One of the worst bargain-hunters I know of is one of the richest women; it is not the poor ones only who hunt for bargains. When you go along the streets of Chicago at

night, and walk behind a girl who looks as if life were not going to be a happy thing for her, remember that very often poor girl-she is the product of the careless woman who likes to have bargains, and wants to have everything as cheap as possible; who, instead of paying a proper price for one thing, and being able to enjoy it, pays an unrighteous price for a dozen things, and never has any enjoyment out of any of them.

ELIZABETH KRECKER OF PENNSYLVANIA CONTINUED THE DISCUSSION THUS:

Shall we dress according to our own convictions, regard less of the opinions of others? Considering the state of the world, how much time, thought, and money, beyond procur ing decent, hygienic clothing, shall go to dress?

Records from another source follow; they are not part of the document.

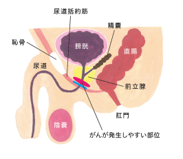 前立腺は精液の成分である「前立腺液」をつくる男性特有の臓器。膀胱の出口付近で尿道と直腸に接しています。前立腺の細胞が増殖して悪性腫瘍化したものが前立腺がんで、早期のうちは自覚症状が少なく、進行とともに「尿が出にくい」「排尿回数が多い」といった排尿症状や血尿・排尿痛・骨への転移などがみられるようになります。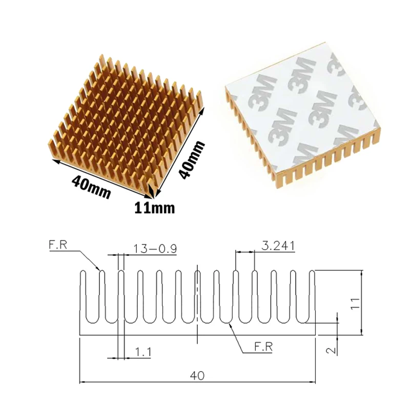 500 disipadores de calor dorados de 40x40x11 mm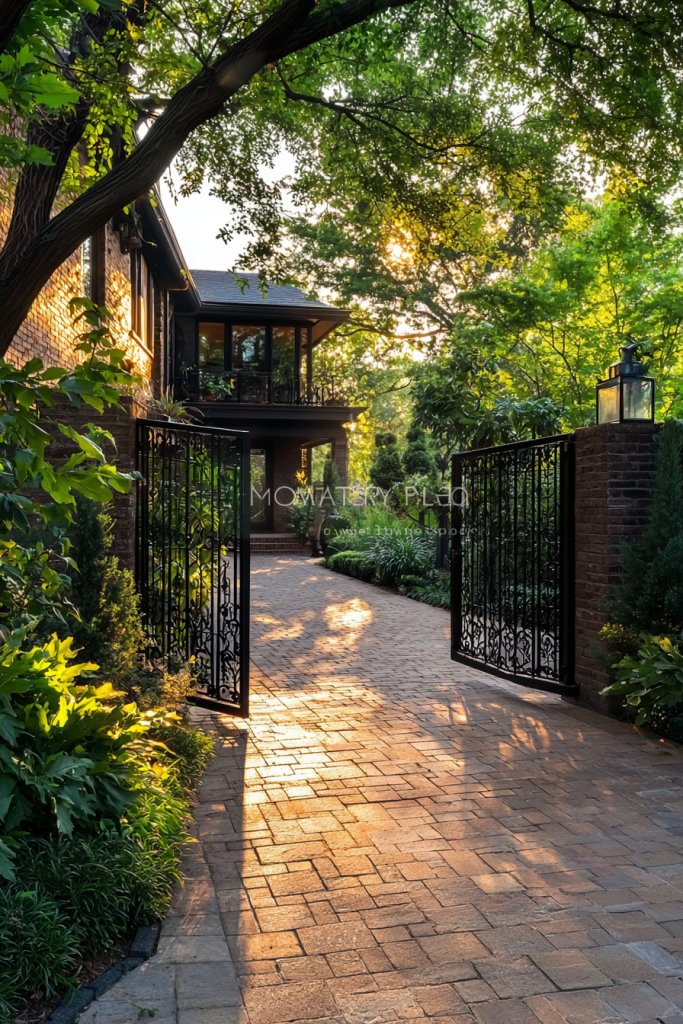 While rustic wooden gates bring a cozy charm to your entrance, elegant wrought iron gates offer a striking contrast that embodies sophistication and strength. These gates are not just functional barriers; they serve as a bold statement piece that elevates your home’s curb appeal.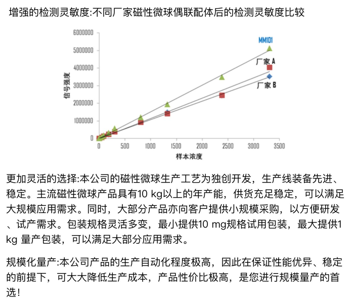 It can migrate rapidly under the action of a magnetic field. After the magnetic field is removed, there is no remanence, and it can be quickly dispersed again. The magnetic part is wrapped with a layer of polymer to completely seal the magnetic particles inside the microspheres. Finally, a layer of special hydrophilic material is modified on the surface (also applied to all magnetic microsphere products of our company) to give the microspheres hydrophilicity and excellent suspension stability. It can be taken as a liquid, easy to operate, and adaptable to different buffer solutions and acid-base environments. The regular spherical morphology minimizes non-specific adsorption and reduces the risk of microsphere agglomeration.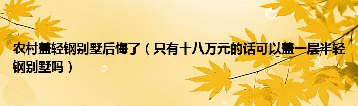农村盖轻钢别墅后悔了(只有十八万元的话可以盖一层半轻钢别墅吗)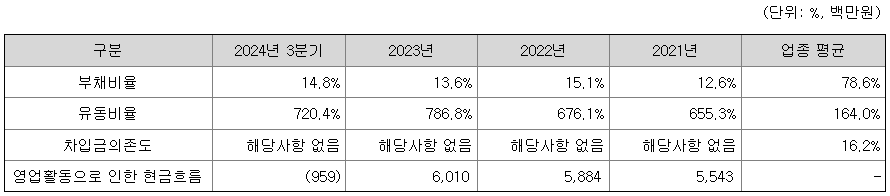 와이즈넛의 부채비율은 2021년 12.6%, 2022년 15.1%, 2023년 13.6%, 2024년 3분기 14.8%로 업종평균 대비 낮은 부채비율을 유지하고 있으며, 견고한 회사 실적 및 일정 비용 수준을 유지하며 2021년 이후 낮은 부채비율 수준을 유지하고 있습니다. 차입금 비율 역시 2021년도 이후 발생하지 않아 별도의 차입금 의존도는 없습니다. 영업활동 현금흐름은 2024년 3분기 일시적 음(-)의 현금흐름이 발생했으나, 2021년~2023년 동안 양(+)의 현금흐름을 보여주고 있습니다. 2024년 3분기 음(-)의 현금흐름은 당기순손실로 인식한 (-)18억원으로 인해 일시적으로 발생하였으며 2024년 온기 기준으로 개선될 것으로 예상하고 있습니다.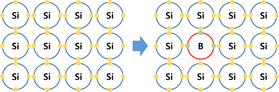 Dopant 원자들은 Si 결정격자 내 Si 원자가 비어있는 Vacancy로 이동하거나, 결정격자 사이를 Dopant 원자들이 이동합니다. 실제 Doping 시 Activation이 되어 과잉의 Carrier를 만들어내는 Mechanism은, Dopant 원자가 Si 결정격자 원자를 치고 들어가 인접 Si과 결합을 통해 과잉캐리어를 만들어내는 '치환'의 개념을 생각하시면 될 것 같습니다. 치환형

These are some of the questions we must consider.

It seems to me that we should not compromise on our convictions of beauty, ease, and utility, that we should follow the fashions only so far as they do not interfere with our convictions.

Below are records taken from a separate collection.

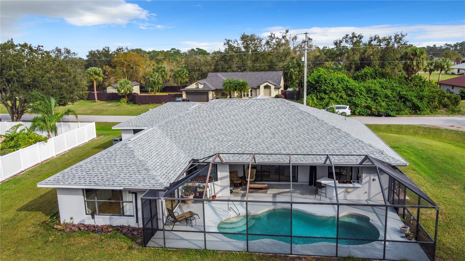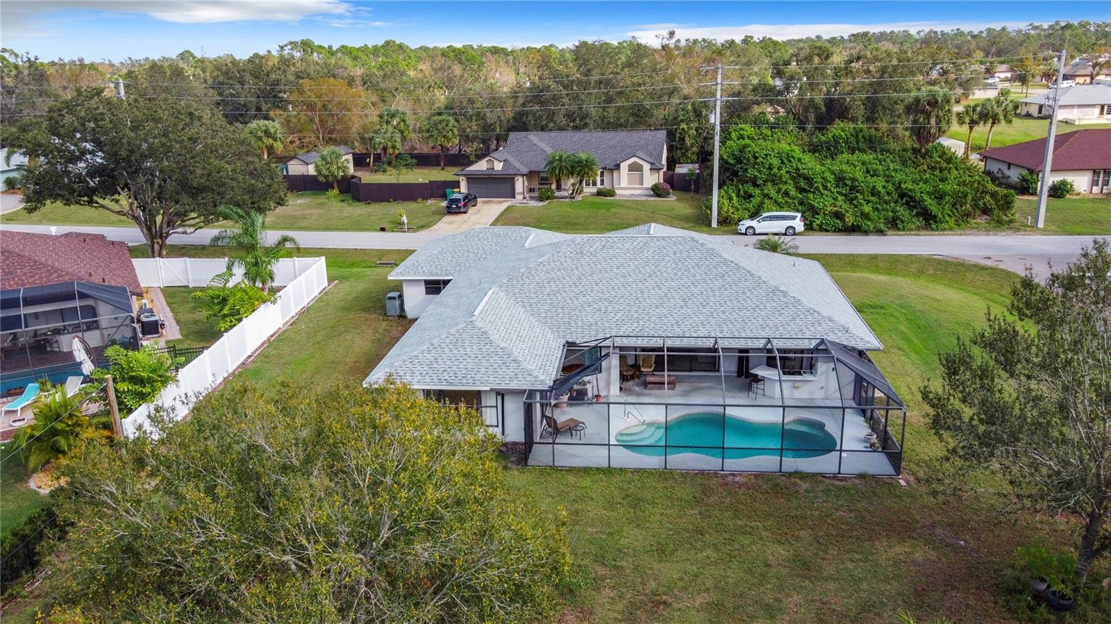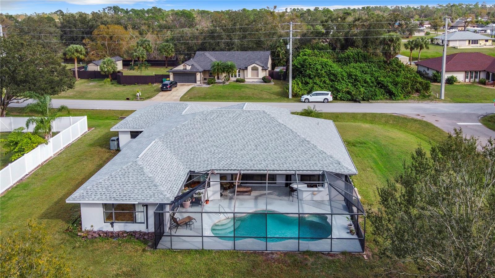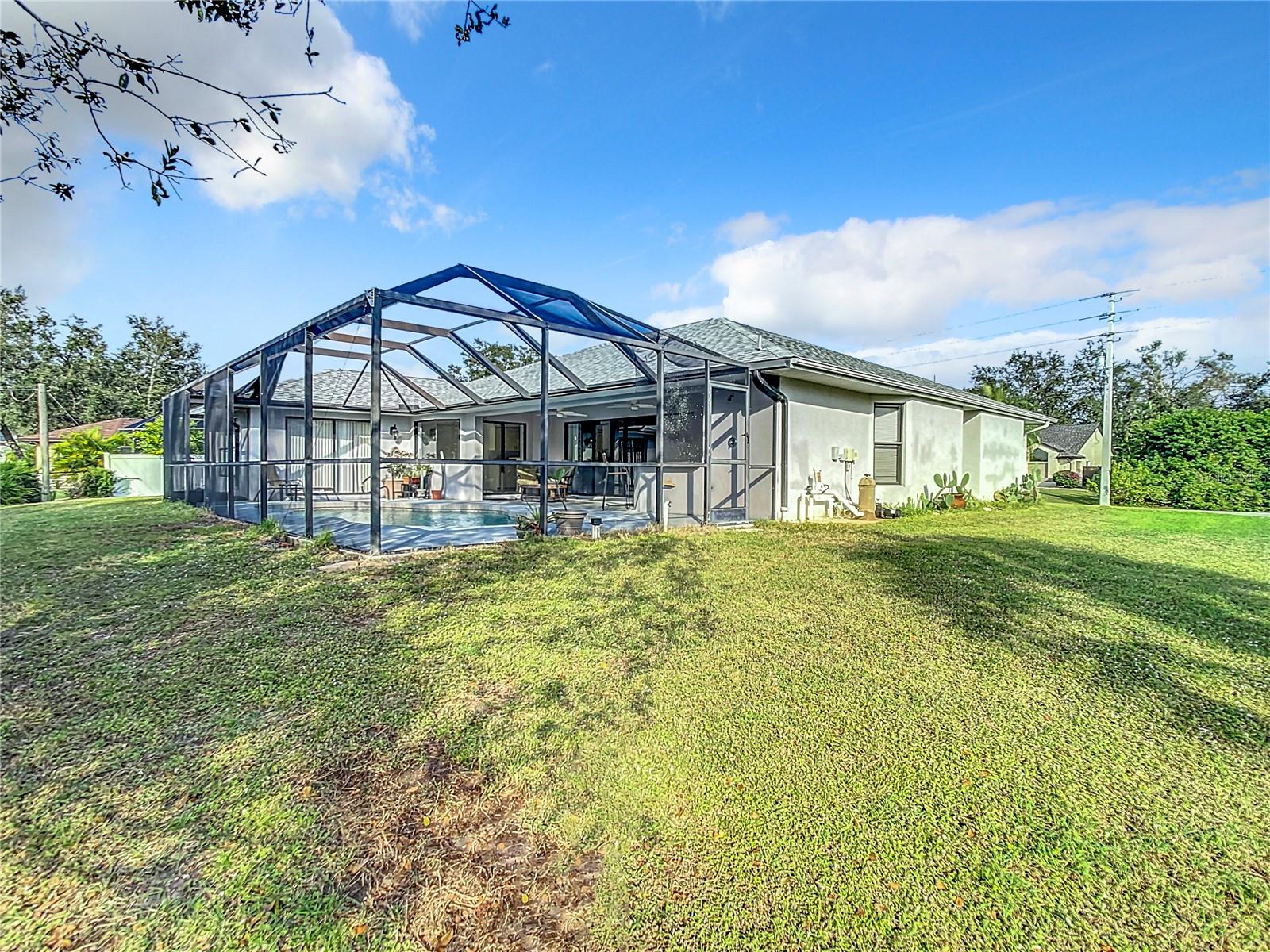 GORGEOUS, custom-built, POOL home on oversized CORNER LOT - with EXTRA BUILDABLE LOT to the rear of this home - AND EXTRA WORKSHOP - making this a very desirable find in an excellent location! This one-owner jewel, built in 2005 is huge, with vaulted/cathedral ceilings and tray ceiling in master! PLUS EXTRA LOT behind house! Perfect for anyone looking for a PRIVATE back yard. Build an EXTRA GARAGE! New Roof 2023, newer kitchen appliances 2021, washer and dryer stays. Water heater 2016. PGT impact windows, impact garage door. No carpet. All tile. Huge master with enormous (2!) walk-in closets. Roman-type walk-in shower, jetted garden tub that works! Private water closet. Garage has an extra room/workshop that could be converted into 3rd garage. Pool has outdoor shower w/hot water and a pool bathroom! Sliders pocket. Pool is pre-wired and ready to be set up for heat. Pool screens have just been replaced - after some of these photos were taken. City water. Seller has partially cleared Xtra lot.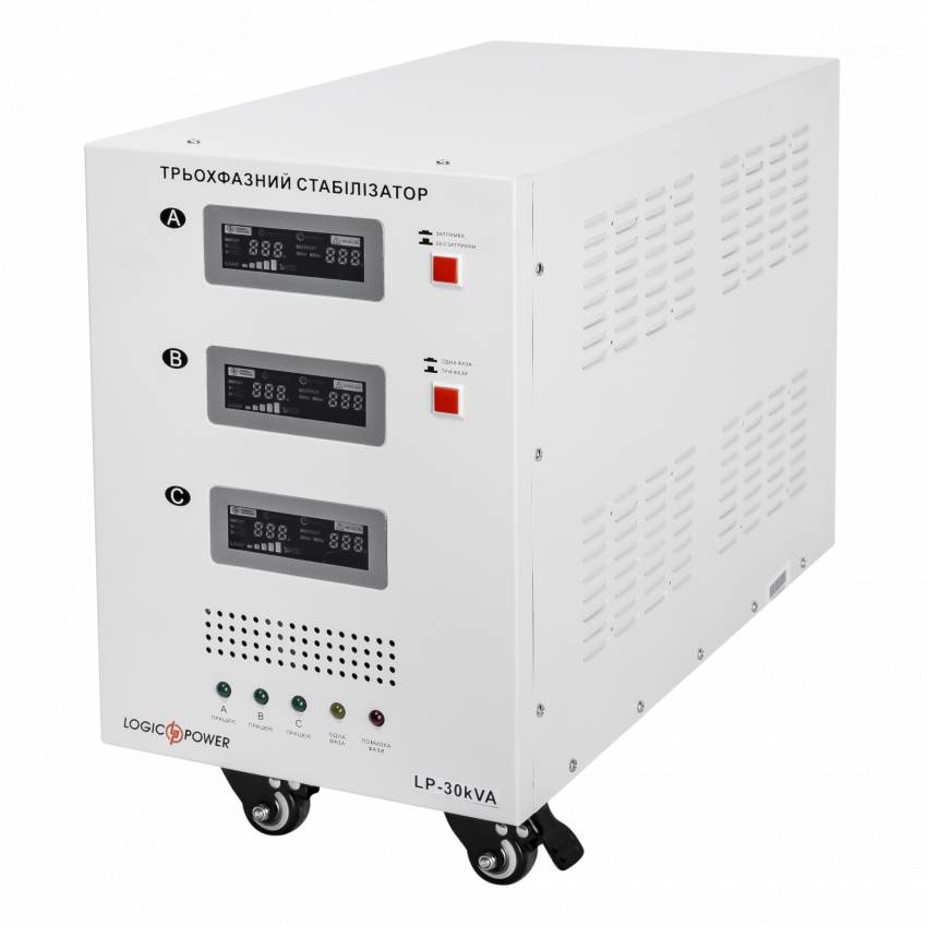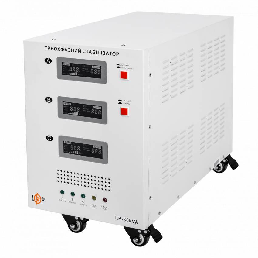 Промислові об'єкти, сучасні житлові комплекси, великі громадські установи та інші масштабні об'єкти, як правило, оснащуються трифазними джерелами подачі живлення електричної енергії з напругою 380V. Сервопривідний стабілізатор напруги LP-30kVA 3 phase (21000Вт) використовується для захисту від перепадів напруги, коротких замикань, імпульсних та інших струмових перешкод в мережах електроживлення такого типу.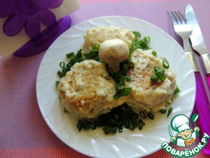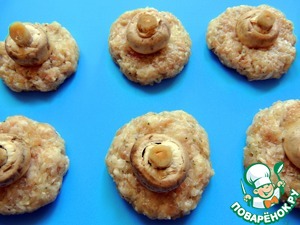 Из фарша делаем лепёшки, по центру кладём гриб.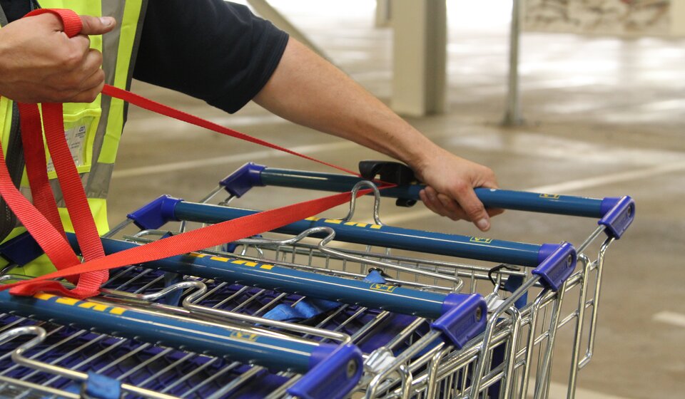 The modern day lasso! Trolleys can run but they can’t hide... our trolley straps keep trolleys securely fastened together, giving users more control over their movement in volume.

I have found some thoughts of others which fitly express my ideas on this point: "It will be evident to all lovers of nature that no fashions can be in good taste that seem to imply a contempt for the beautiful arrangement of created things." "A dress which is in accordance with the age, complexion, and situation can never be wondered at as out of the way, or laughed at as not being in the fashion."

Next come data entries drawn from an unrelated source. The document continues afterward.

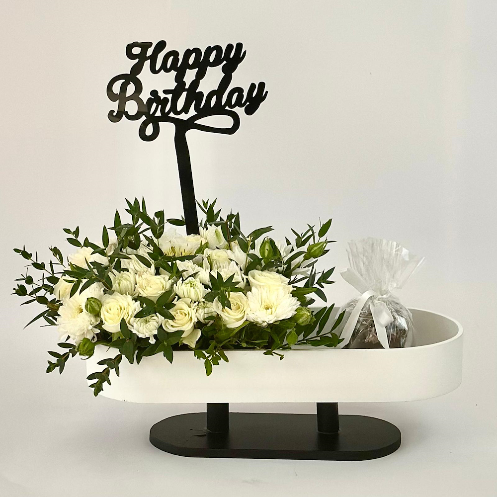 طاولة تحتوي على زهور الجوري، الألستروميريا والكريز مع الشوكولاتة.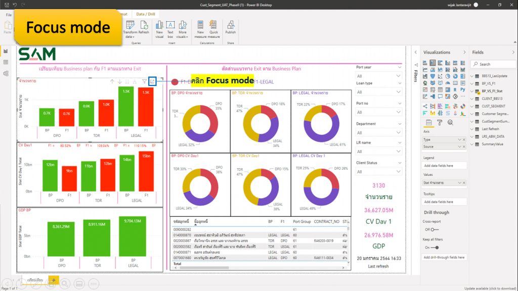 เมื่อเลือกแบบ Focus mode จะสามารถเรียกดู Report แบบเจาะจงกราฟหรือข้อมูลที่ต้องการได้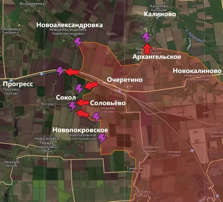На северо-западе от Очеретино продолжаются бои в районе Новоалександровки. Сообщается, что подразделениям ВС РФ в ходе нескольких локальных боёв удалось улучшить своё тактическое положение, но о серьёзном продвижении вперёд речь не идёт, информирует PulsePen.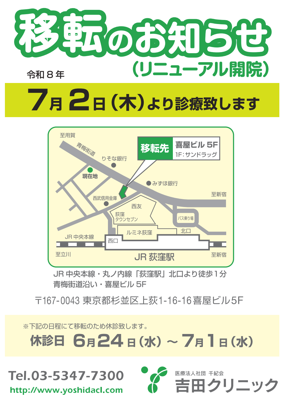 杉並区荻窪駅利用が便利な内科、整形外科、皮膚科、小児科 の診療・治療をしているクリニックです。 皆様のホームドクターとして地域に根付き、かつ自身の専門 分野である内科、整形外科においては、一般大病院にも劣ら ない医療レベルを保つことを目標に日々診療しております。 どうぞお気軽にご来院ご相談ください。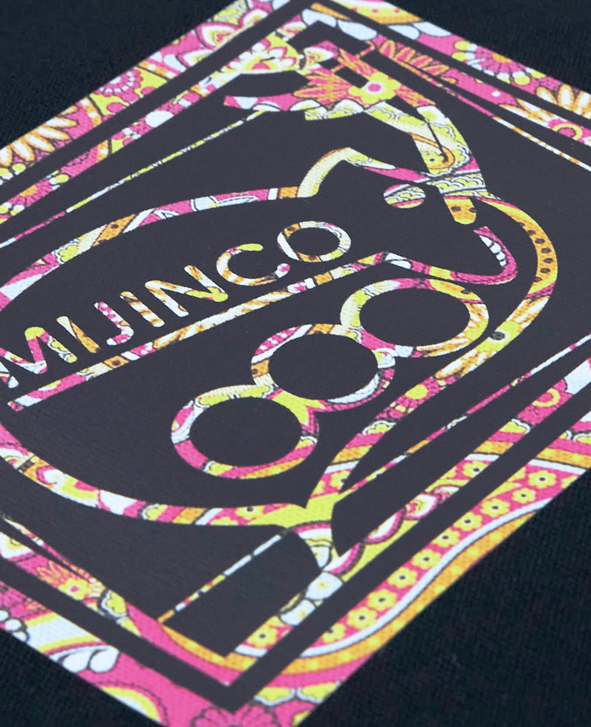 黒いキャンバス時に鮮やかなカラーが映えるトートバッグをご作成いただきました。ミジンコをあしらったロゴの背景におしゃれなペイズリー柄が透かしになっている、とても手の込んだデザインです。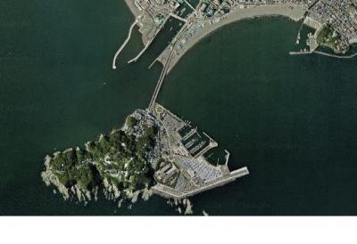 লাইটহাউজের চান্দি থেকে তোলা দ্বীপে ঢোকার পথের ছবি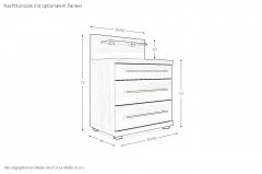 - Nachtkonsole: mit 3 Schubkästen, oberer Schubkasten schmal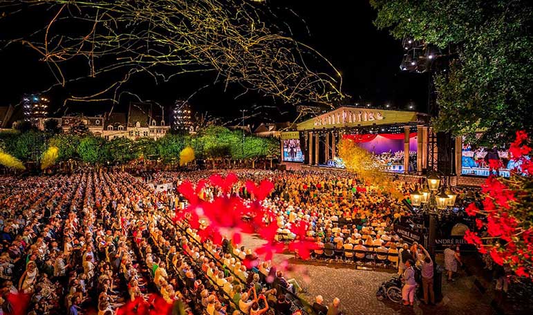 Koncert med valsekongen André Rieu og hans Johan Strauss Orchestra i Maastricht - Det bliver en fantastisk oplevelse, du aldrig vil glemme. André Rieu spiller under åben himmel midt på Vrijthof pladsen i Maastricht.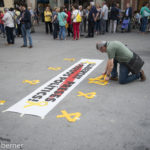 Prop de sis-centes persones ens vàrem aplegar a la plaça en la dissetena setmana del judici de la vergonya, amb la participació de Mireia Boya i Joan Josep Nuet, exdiputats encausats.

On the need of beauty in dress: "As if he who so clothes the grass of the fields that even the meanest forms of his handiwork are lovely beyond all our poor imitating, were displeased in our delight in that wherein he most continually delights."

The question of time, money, and thought is treated in this way: "The evil begins where woman is absorbed in clothes, and regards herself as a sort of peg whereon to

hang a variety of gowns." "Let us only so clothe ourselves," wrote Dinah Mulock Craik, "that this frail body of ours while it does last may not be unpleasing in the sight of those who love us; and let us so use it in this life that in the life to come it may be found worthy to be 'clothed upon' with its Maker's own glorious immortality."

OCTAVIA WILLIAMS BATES OF MICHIGAN THUS CONCLUDED THE DISCUSSION:

From observation and thinking about women and their work in the world, and from a thorough study of the literature of the "Reform Dress Movement," it has been my conviction for years that there is nothing which more closely and intimately concerns the well-being of women, and through them the welfare of the race, than their dressnot only in its physical effects upon the woman herself, but in its ulterior and more enduring effects upon the mental and moral status of mankind. If the dress of women has such important influences upon themselves and upon the men with whom they are associated, if this influence extends to the born and to the unborn, as it certainly does, then the question of dress becomes ethical and vital, and it assumes the importance of a subject worthy of our highest thought and our most serious consideration. True Christianity gives encouragement and impetus to this idea, for it teaches that the body is a beautiful temple, to be guarded as a sacred trust and a most precious possession; that it is a noble instrument upon which mind and spirit play; a servant, whose rewards are many and great for kind and intelligent treatment, but whose revenge is terrible for ignorance and willful abuse.

Hence, anything that interferes with the natural and harmonious working of the body is wrong from an ethical or moral point of view. Consequently, as a natural result of this teaching, the wearing of any garment that impedes the

circulation of the blood or hinders the free play of the muscles must be considered wrong.

The wearing of any ligature that keeps the lungs from their full action in aerating the blood is wrong; the wearing of any style of dress that keeps the woman who wears the dress from doing her full share of the work of the world is wrong. These things are all wrong, in that they lessen the health and vigor of the individual, make her a weaker member of society, and lessen her efficiency and usefulness in any line of work.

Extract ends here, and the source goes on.